In a way, it all made sense. Missy wasn't supposed to marry a student, or, for that matter, anyone she might meet in Rosbeck. She consequently maintained a large and pleasant circle of acquaintances without getting close enough to anyone to be compromised in the eyes of a genuine suitor produced by her parents.

Some three weeks after their first meeting, Sam and Missy, on a non-date night, were seated with their friends at a large table at the Cafe Nord. Otto said, with some concerrn,

"Missy's boss is absolutely besotted with her."

Missy denied it, but Otto replied,

"People who work with him say that he makes ridiculous excuses to come to your desk, that he can't keep his eyes off you, and that he follows you when you leave work. Pretty soon, he'll come here instead of the Cafe Rosbeck."

It was common knowledge that the Cafe Rosbeck was much more Nazi. The Cafe Nord was filled with young intellectuals who, secretly, weren't Nazis at all. But they had developed sensitive antennae and were made uneasy by things that would have been subjects of humor in another country. No one needed to be told that Hokensen was a prominent Nazi, and that, within reason, prominent Nazis could have what they wanted.

The overwhelming consensus was that Missy should quit her job immediately and leave Rosbeck. As Annaliese said,

"It's not as if you had a good job you wouldn't want to lose. You have nice friends here, but you'll make friends wherever you go."

Sam, on the surface, was non-committal. He didn't, after all, know enough about the local situation to pretend to be able to give advice.

Missy resisted the advice of the others, claiming that nothing could happen to her. Otto replied, gently,

"It's been six years now. I don't understand how anyone who has been in or near Germany most of that time could fail to appreciate the danger of the underlying situation."

That was as much as he could say without unduly risking his own neck. It was obvious that Missy still didn't appreciate the danger, and Sam wondered why. He himself had blundered into the Third Reich somewhat blindly, but, even though he had come from farther away, he didn't disregard warnings from people like Tso Yo-wen and Otto.
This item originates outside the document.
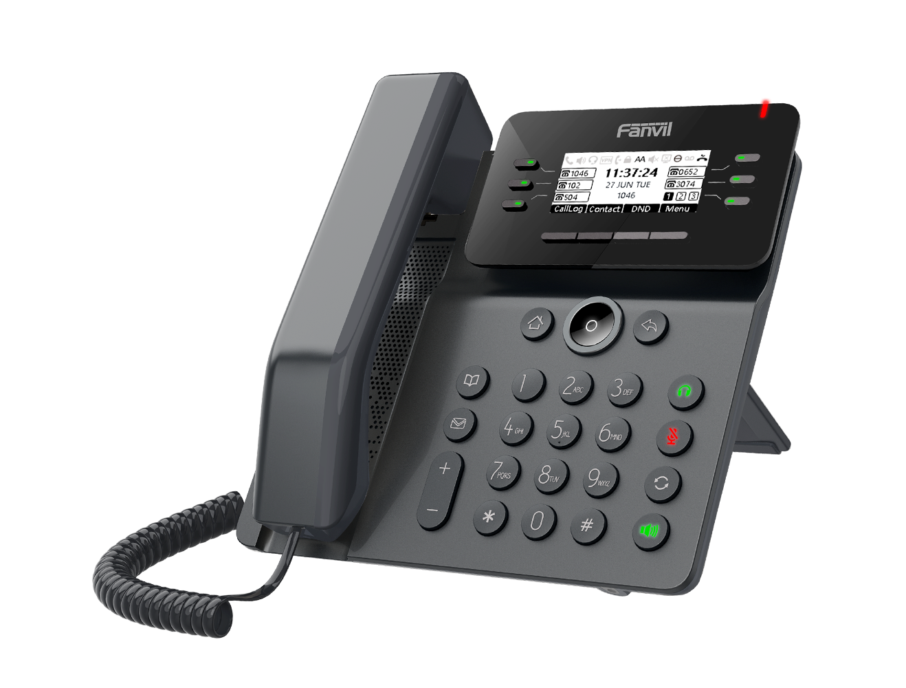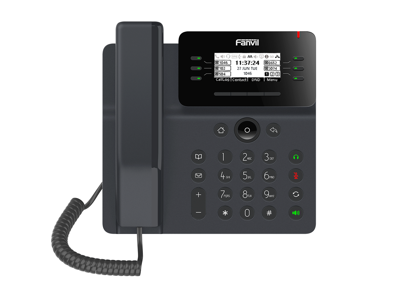 El V62 es más que un teléfono eficiente, es una delicada obra de arte, que proporciona una experiencia de comunicación empresarial inteligente y fluida para las empresas. Como el teléfono de negocios esencial con una pantalla gráfica de matriz de puntos con retroiluminación y las funciones VoIP necesarias y otras características extendidas, V62 es una excelente combinación de elegante exterior y potente interior.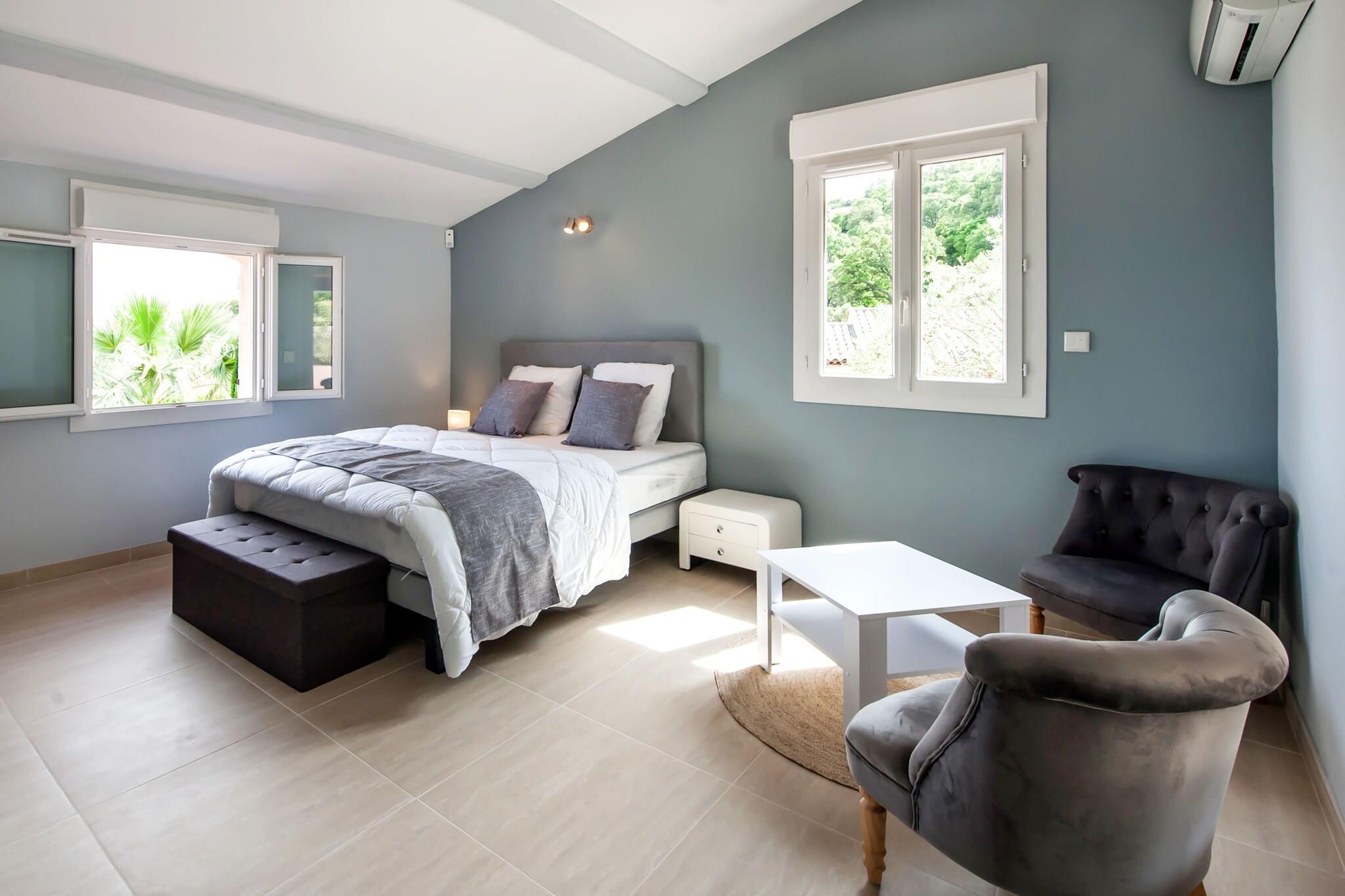 Enjoy a peaceful stay in this beautiful and spacious villa in Les Issambres that was specially designed for large families. This recently renovated luxury home has a sauna and a heated pool (March 15 to October 15), secured with controlled access by parents and an outdoor shower. The terrace is equipped with a summer kitchen with refrigerator and plancha and is furnished for family meals with a magnificent view of the sea. Inside, there is a sauna with separate shower and toilet, a gym with yoga mats, treadmills and air bikes, a lounge with TV, books, board games and a pool table. The children can have fun with the swing and the slide in the garden but also in the mezzanine equipped with games, books and toys. For the babies you have at your disposal dishes, a baby bed (movable by the janitor in the room you wish, thank you to ask him in advance), a high chair, a baby playpen (90*90), a changing table, a potty, a toilet reducer and a stroller with a lying position for the toddlers The house is fully air-conditioned (except for the basement where the sauna and the fitness room are located); The five bedrooms are equipped with high quality bedding; The four parental suites, each with its own bathroom, allow you to enjoy a splendid view of the sea. On the first floor one of them has direct access to the pool and on the first floor one of them has its own terrace. There are two beaches nearby and you can do all your shopping at the supermarket located 2.5 km away. At 3.5 km you will find the center of Saint Aygulf with horse riding possibilities. The lake of Etang de Villepey is 5 km away and the city center of Les Issambres is 6 km away. Roquebrune sur Argens, where you can play golf, is 9 km away. You can park up to 4 cars for free. Our discreet but available concierge lives on the property and will be happy to help you. Do not hesitate to ask him, he knows the area very well.

It was a patient group, and it didn't simply abandon Missy to her foolishness. The question then arose of whether someone in Hokensen's position could have a person followed and spied on for strictly personal reasons. A friend of Otto's suggested,

"Even if he could, it would be demeaning for a man to go to the Gestapo and tell them to investigate a woman he hopes to make his mistress."

Someone else replied,

"But he could tell them that his secretary has access to secret material, and that he wants to know who her friends are and what she tells them."

That caused a certain alarm to spread through the group, no member of which wished to be investigated. It also put pressure on Missy not to get her friends into trouble. Sam, feeling uncomfortable himself, saw that young people in modern Germany might be forced to drop friends who came under suspicion for any reason whatever. In this case, if they did investigate Missy and came upon reports, probably exaggerated, of some of the things she said, the consequences could be serious for anyone seen with her.

Missy could hardly fail to respond to that kind of pressure, and replied,

"I'll go out to lunch with him the next time he asks. Then, if it looks like too much, I'll quit and leave."

It wasn't exactly the response the others wanted, but it somewhat mollified them. Hokensen probably wouldn't put the dogs on her or her friends as long as he thought he was making progress.